Three Chrysler Imperial Parade Phaetons were produced in 1952 by Chrysler as ceremonial vehicles. They were styled by Virgil Exner and were in many ways a preview of the new "100 Million Dollar" styling that would debut in 1955 on the newly separate Imperial marque and on other full-size Chrysler Corporation Cars. The "Imperial Parade Phaeton" moniker came along only later; when first publicized, Chrysler named the car the "Chrysler Phaeton."

== Details ==

The cars were based on stretched (to 147.5 in) 1952 Imperial Crown Limousine chassis and carried completely custom bodywork with the exception of the 1951 Imperial grille, bumpers and front and rear trim. Almost uniquely for a postwar car, they were dual-cowl phaetons, with separate front and rear passenger compartments, each with its own windshield. There were no side windows, and a lightweight Dacron convertible top covered only the rear compartment during inclement weather, and was manually retracted beneath the rear-hinged deck lid when not in use. The rear doors were suicide doors and had no exterior handles. In 1940, Chrysler built six limited production cars with the same approach to uniqueness called the Chrysler Newport Phaeton also using an Imperial chassis.

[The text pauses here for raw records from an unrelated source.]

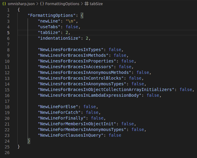 我尝试在indentationSize中将omnisharp.json更改为4,然后重新启动Omnisharp。这使得它缩进了4个空格。因此,格式化程序似乎从我的omnisharp.json中得到了一些东西,但它只是忽略了以前没有的所有NewLine...设置。
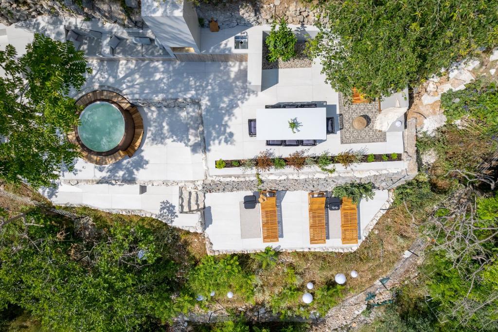 Na raspolaganju je i zajednički, pažljivo uređen vrt koji uključuje potpuno opremljenu vanjsku kuhinju, jacuzzi, finsku saunu s pogledom na more, vanjski tuš, pergolu s blagovaonicom, lounge zonu za opuštanje te prostor za vježbanje.
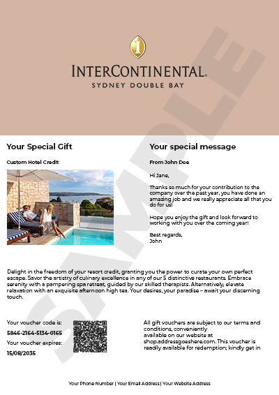 - Gift vouchers can be redeemed against any room night purchases only at InterContinental Sydney Double Bay.

Under the custom bodywork, the mechanicals were standard top-of-the-line Chrysler for the period, with a 331 cubic inch (5.42 L) FirePower V8 engine, torque converter transmission, and power steering.

Three cars were built. One was for New York City, the second for Los Angeles, and the third was intended to be a gift to the White House, but the gift was refused as against the then rules for receiving gifts. Instead, the third car was nominally based in Detroit and was used around the country. The cars continued to be owned and serviced by the Chrysler Corporation.

After three years of service, the cars were brought back to the factory in 1955 to be updated to 1956 Imperial appearance, in which form they continue to exist to the present day. The front and rear, including grilles, bumpers and trim, were replaced. Internally, the engines were updated with 4-barrel carburetors, and fully automatic Powerflite transmissions were installed. The cars were all repainted. After the rebuild, the cars were donated to the respective cities.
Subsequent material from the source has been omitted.